Makoto Shinkai said his latest animated movie The Garden of Words was “a simple love story between a boy and a girl.” But rain was a main character, too, he said. The director and writer of The Garden of Words spoke about his 43-minute movie after its world premiere at the Gold Coast Film Festival on April 28. The movie is produced by CoMix Wave which also produced his previous movie Children Who Chase Lost Voices.
Takao is a 15-year-old boy in Shinjuku. He skips school on mornings when it rains and goes to a lush green public garden. There he sits in a shelter near a pagoda and a beautiful big pond. He sketches shoe designs, hoping to be a shoemaker one day. “The reason I chose shoemaking to be the boy’s ambition was because it’s a really personal thing,” Makoto Shinkai said. “.. And I wanted to portray Takao as someone who was, through shoemaking, wanting to make personal links with people and connect with other people.”
It is the rainy season, and it is raining when Takao meets 27-year-old Yukino at the shelter. He sketches while she drinks beer and eats chocolate.

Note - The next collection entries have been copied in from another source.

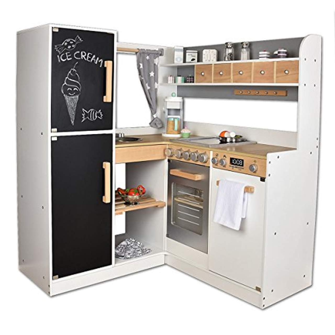 SUN Kinderküche Paris XXL aus HolzMit dieser großen Kinderküche aus Holz können Kinder ihr eigener Küchenchef sein. Ausgestattet mit vielen Details ist die Eck-Küche von SUN ein echter Hingucker in jedem Kinderzimmer. Weitere Eigenschaften: Große Kreidetafel am Kühlschrank Herausnehmbares Spülbecken für eine leichte Reinigung Wasserhahn Stoffvorhänge hinter dem Spülbecken viel Stauraum unter der Spüle Herd und Spülmaschine (Türen lassen sich öffnen und schließen) Vier Herdplatten Halterung für Küchenhelfer und fünf Schubladen Das abgebildete Zubehör gehört nicht mit zum Lieferumfang.
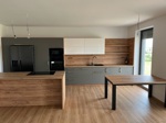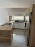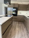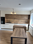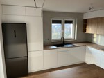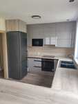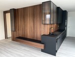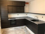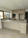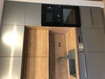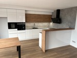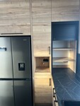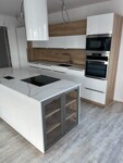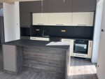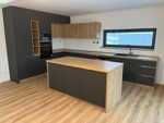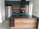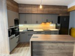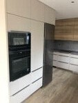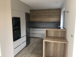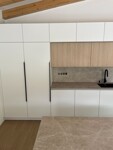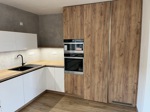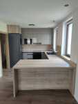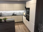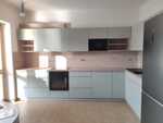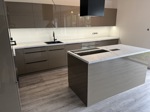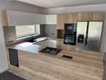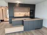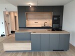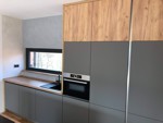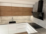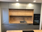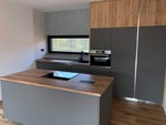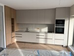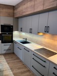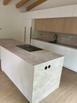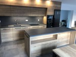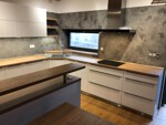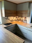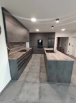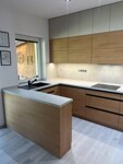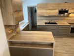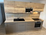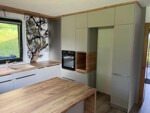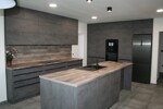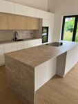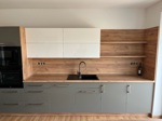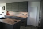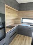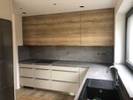 Dvířka kamenná šedá Matt a dýha, pracovní a zadní deska Technistone Noble Olympos Mist
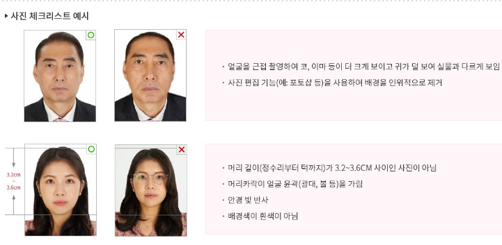 ➤ 여권사진 규격: 3.5cm × 4.5cm, 머리길이 3.2~3.6cm, 배경은 흰색
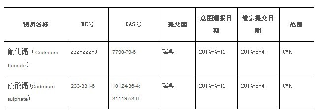 2014年5月,瑞典意圖向歐盟ECHA提交兩種SVHC提案物質(zhì),這兩種物質(zhì)分別為:氟化鎘和硫酸鎘。這兩種物質(zhì)的相關(guān)卷宗將在8月4日前提交給歐盟ECHA。相關(guān)情況如下表所示:
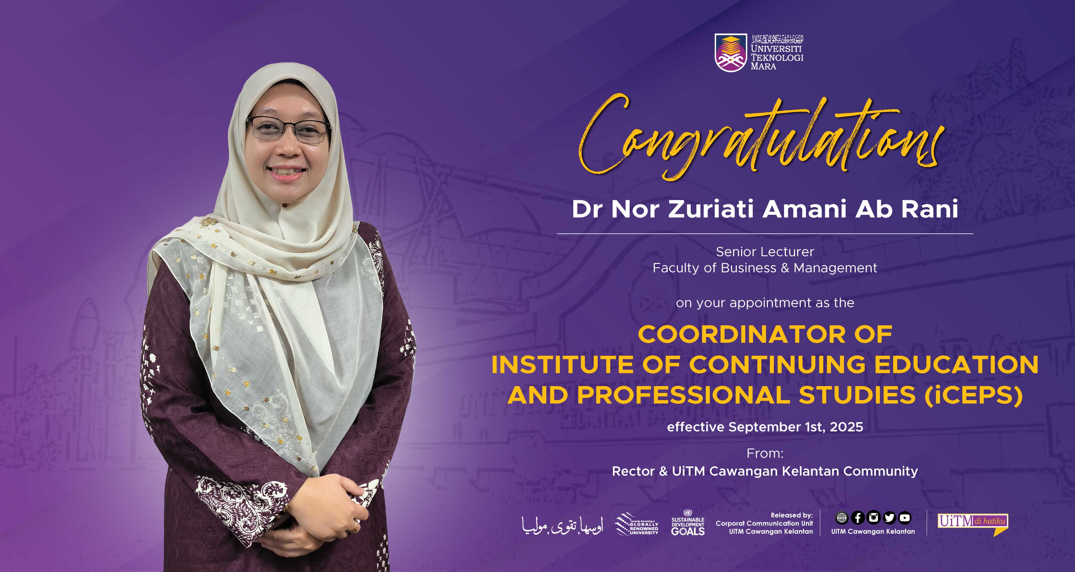 Unit Komunikasi Korporat NEWS Hits: 150 Congratulations!!! Dr Nor Zuriati Amani Ab Rani, Coordinator of Institute of Continuing Education and Professional Studies (iCEPS)
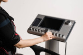 Druty z kombinezonu ratowniczego na siłowni. Trening sportowy w elektrycznym kombinezonie do stymulacji mięśni. Wykonywanie ćwiczeń fizycznych.
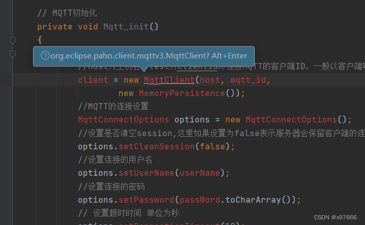 此时我们来到java代码界面敲MQTT就可以看到很多方法

Makoto Shinkai said there were many symbols in The Garden of Words. “For example, rain is something you can’t stop from falling on anyone’s heads,” Makoto Shinkai said. “It just comes naturally…That symbolizes love as well. It just happens. You can’t stop it from happening. And that’s the symbolism that I used.”
Each day Takao prays for rain.
Their relationship grows. He sketches her feet, measuring them for his shoe designs, tracing around them.
She is a bit lost in life. He wants to make her shoes for her to walk a new path.
Feet and shoes are also symbols in Garden of Words. “In terms of the feet and the shoes, when I was interviewing women for this film, I might ask a question: Would you show someone your feet? Most people answered, No, no way… So for a 15 year old boy, having to touch or see a woman’s feet was what Takao said: the mystery of life itself.”
Thunder is another symbol used in the movie. As Yukino departs from Takao on the first day they meet, she quotes from a tanka (a traditional Japanese poetry style). The tanka uses imagery like rain and “a faint clap of thunder”. Traditionally in Japanese culture, Mr Shinkai said, thunder represents a good harvest and God’s life. When it claps in the background at the park, it gave Yukino a goddess imagery, he said.